Instrumen gobeng tidak ditemukan keterangan bentuknya. Pada teks SD dan KP terdapat petunjuk tempat pemasangannya, yaitu di réngkéng atau di réksa. Bila melihat kebiasaan memasangkan calintu dan kolécér di wilayah Kanékés (Baduy), besar kemungkinan yang dimaksud dengan gobéng dalam teks Sunda kuno yaitu kolécér. Begitu pula dalam keterangan dari Edi S. Ekadjati dalam buku Kebudayaan Sunda Zaman Pajajaran(Pustaka Jaya, 2014).
Instrumen lainnya yang disebutkan dalam teks Sunda kuno yaitu kumbang. Pada teks KP teracatat ungkapan "sada kumbang ta di ranjang". Artinya instrumen ini dimainkan di atas ranjang, di dalam sebuah ruangan. Nama kumbang sebagai instrumen musik masih dikenali di Kanékés hingga sekarang. Bentuknya berupa suling dari dua buku bambu tamiang atau buluh, dengan dua lubang. Dimainkan dengan cara ditiup pada posisi transversal seperti bangsing.
Pada teks SD, kumbang disebutkan dimainkan berbarengan dengan instrumen tarawangsa, "sada kumbang tarawangsa ngeuik," sedangkan dalam teks Sanghyang Siksa kandang Karesian terdapat keterangan bahwa orang yang memainkan (atau membuat) kumbang sebagai salah seorang yang perbuatannya baik sebagai teladan, setingkat dengan mantri, bayangkara, juru lukis, pangalasan dan lain-lainnya. Ungkapannya sebagai berikut:
"deung maka ilik-ilik dina turutaneun: mantri gusti kaasa-asa, bayangkara nu marek, pangalasan, juru lukis, pandé dang, pandé mas, pandé gelang, pandé wesi, guru widang, medu, wayang, kumbang gending, tapukan, banyolan, pahuma, panyadap, panyawah, panyapu, béla mati, juru moha, barat katiga, pajurit, pamanah, pam(a)rang, pangurang dasa calagara, raré angon, pacéléngan, pakotokan, palika, preteuleum, sing sawatek guna, Aya ma satya di guna di kahulunan. éta kéhna turutaneun kéna ta ngawakan tapa di nagara."

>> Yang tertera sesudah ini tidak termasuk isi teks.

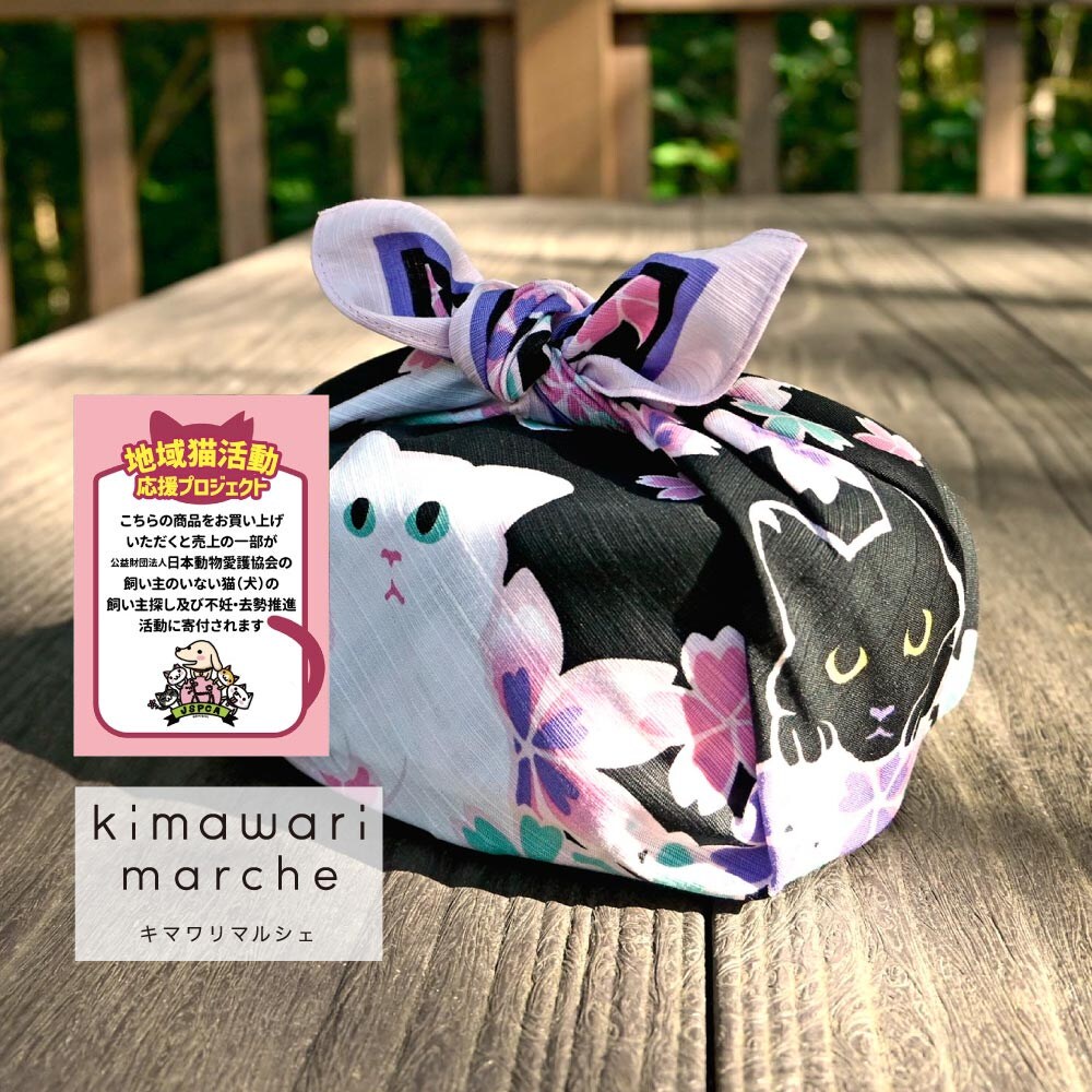 ふろしきを購入して地域猫活動を応援。売上の一部が「日本動物愛護協会」へ寄付されます。「癒し」と「優しさ」をテーマに可愛い猫たちをデザインしたふろしき。スカーフにも使用されている透け感のある涼しげで丈夫な生地を使用。大判サイズでファッションアイテムやクッションカバー、エコバッグとしてもお使いいただけます。テーブルクロスやクッションカバー、暖簾のような目隠しなどのインテリアとしても活用できます。綿100%で洗濯機で丸洗いが可能です。※無地物と分けて洗濯してください。 1回目は糊がついているので若干硬く感じられますが、洗って繰り返し使うと柔らかく使いやすくなります。〈地域猫活動とは〉「地域猫」とは地域住民の合意のもと、不妊去勢手術・耳先にV字のカットを施してある飼い主のいない猫のこと。カットされた耳が桜の花びらのように見えることから「さくらねこ」とも呼ばれます。住民やボランティアなどが給餌やトイレを共同管理して見守ることで猫によるトラブルを減らし、住みよい地域社会をつくっていく事を目的とした活動です。【古き良き伝統に、新しい価値を創造】京都にある創業70年の和装小物メーカー・三陽商事は、人と猫が幸せに共存できる社会を目指す"地域猫活動"を応援。プロジェクト商品の売上の一部は、全国各地の地域猫活動を支援されている『公益財団法人日本動物愛護協会』へ寄付されます。

Terakhir yaitu instrumen roél. Dalam teks Sri Ajnyana, instrumen roél muncul dalam kalimat yang menggambarkan dengungan berbagai jenis kumbang seperti bangbara, nyiruan, teuweul, sireupeun dan olan-olan yang berada di kahiyangan. Suara dengungan kumbang-kumbang itu "kapisigul kapibarung, kapicéngcéng kapiroél, nu bécét kapisaréngséng," 'bagai menabuh berbagai instrumen konser, seperti goong kecil dan angklung, yang kecil seperti sarngsng (Noorduyn & Teeuw, 2009).
Roél saat ini dikenali sebagai salah satu sebutan dalam instrumen kelompok angklung. Dalam angklung buhun Kanékés dan angklung Badéng, Garut, roél dipakai untuk menyebut angklung berukuran kecil dengan suara tinggi. Dalam pertunjukan angklung Badéng, roél yang dipegang oleh "dalang", memiliki peran sebagai pengatur berlangsungnya penampilan lagu. Dalam akhir permainan, roél dibunyikan agak lama (dikeleterkeun).